A project to improve cell phone coverage in the up-Island towns is moving forward after a meeting between service providers and NStar this week took place to measure poles for the distributive antenna system (DAS).

If all goes as planned, up-Island residents could see improved cell coverage by July 1. Chilmark executive secretary Timothy Carroll met with Verizon, Comcast and NStar Wednesday morning to evaluate what needed to be changed on the existing poles in order to incorporate the system.

The Chilmark selectmen sent a letter to NStar this week seeking cooperation from the company to use their distribution poles and personnel to help install the new system. The project requires many miles of underground fiber to be installed on NStar poles under a pole attachment agreement between NStar and American Tower Corporation, the company contracted to install the system.

“The project brings much-needed communication services for residents, visitors and public safety responders in our communities,” the letter says. “Large areas of Chilmark [and Aquinnah] suffer inadequate or a complete absence of wireless communications services. Many citizens rely solely on wired phone service.”

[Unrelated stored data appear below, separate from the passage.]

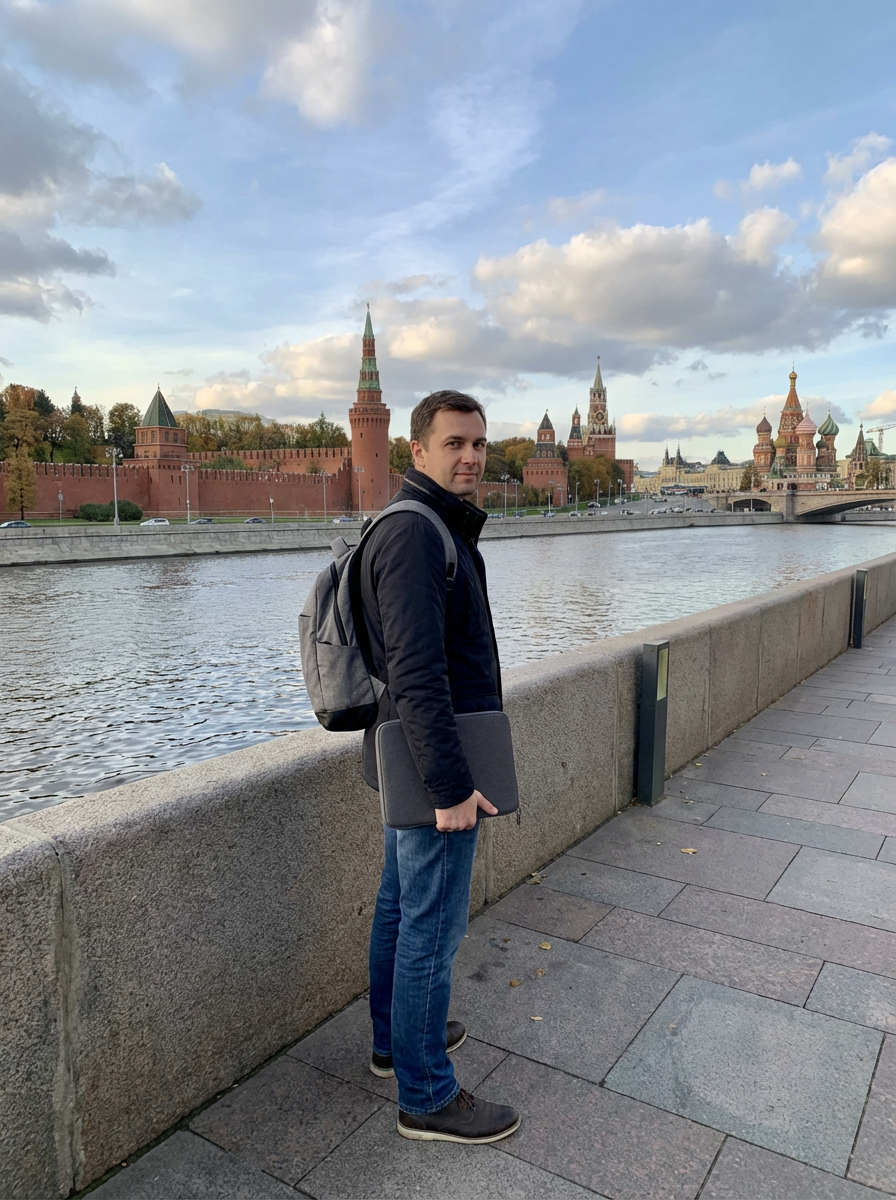 model as digital nomad in Moscow with the Kremlin in the background, with backpack
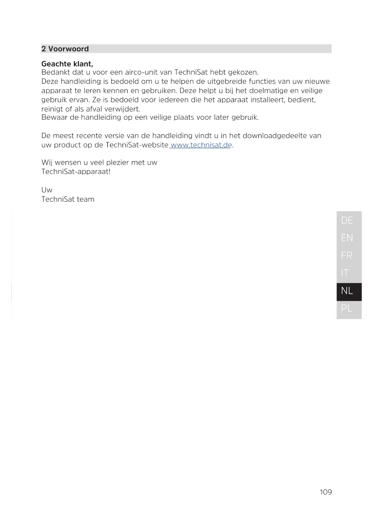 2 Voorwoord Geachte klant, Bedankt dat u voor een airco-unit van TechniSat hebt gekozen. Deze handleiding is bedoeld om u te helpen de uitgebreide functies van uw nieuwe apparaat te leren kennen en gebruiken. Deze helpt u bij het doelmatige en veilige gebruik ervan. Ze is bedoeld voor iedereen die het apparaat installeert, bedient, reinigt of als afval verwijdert. Bewaar de handleiding op een veilige plaats voor later gebruik. De meest recente versie van de handleiding vindt u in het downloadgedeelte van uw product op de TechniSat-website www.technisat.de. Wij wensen u veel plezier met uw TechniSat-apparaat!
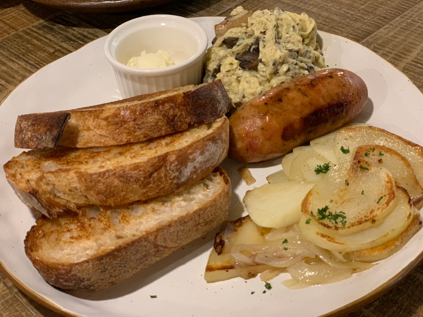 當天太太點了炒蛋早餐,濃濃的松露味超香,自製的煙燻蘋果香腸吃起來超juicy,而編仔點的是墨西哥雞肉酪梨三明治,主要是酪梨有一種奶香味,喜歡的人一定要來一份試看看,在此分享給大家唷。
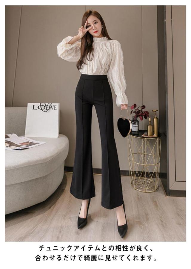 送料無料 ストレッチ フレアパンツ センタープレス ペンシルパンツ レディース パンツ スラックス 無地 ハイウエスト ウエストゴム ストレート ブーツカット ロングパンツ 美脚パンツ パンツドレス オフィスカジュアル 通勤

The project is a joint effort between Chilmark and Aquinnah, where the DAS system is already installed but waiting for an agreement from service providers.

“One of the hold-ups has been that NStar came back with make-ready poles that were too expensive,” Mr. Carroll said at the selectmen’s meeting Tuesday, adding they needed to find something that was appropriately sized and affordable. “It’s looking good that this is going to go forward,” Mr. Carroll said.

The selectmen hope to have an installation schedule in two weeks time.

In other business, selectmen were notified that the town’s insurance company has settled a wrongful death suit on behalf of the tri-town ambulance service. Leigh Carroll was found asleep in a car by the side of the road in July 2005, and when the service’s paramedics responded and transported him to the ambulance, Mr. Carroll became extremely combative. He suffered cardiac arrest during the transport, and was pronounced dead at the hospital. The settlement details were not made public.

And the town board of health has submitted a plan to the state for dealing with a water quality issue at the Chilmark Community Center. Total coliform was found in several water samples at the community center, but not at the neighboring school or library. Total coliform is an indicator bacteria; tests have shown that e coli and fecal contaminants are not present.

“We have total coliforms in there somewhere that aren’t coming straight from 70 feet underground,” town health inspector Marina Lent said yesterday afternoon. “We’ve replaced the filter and hope it will solve the problem.”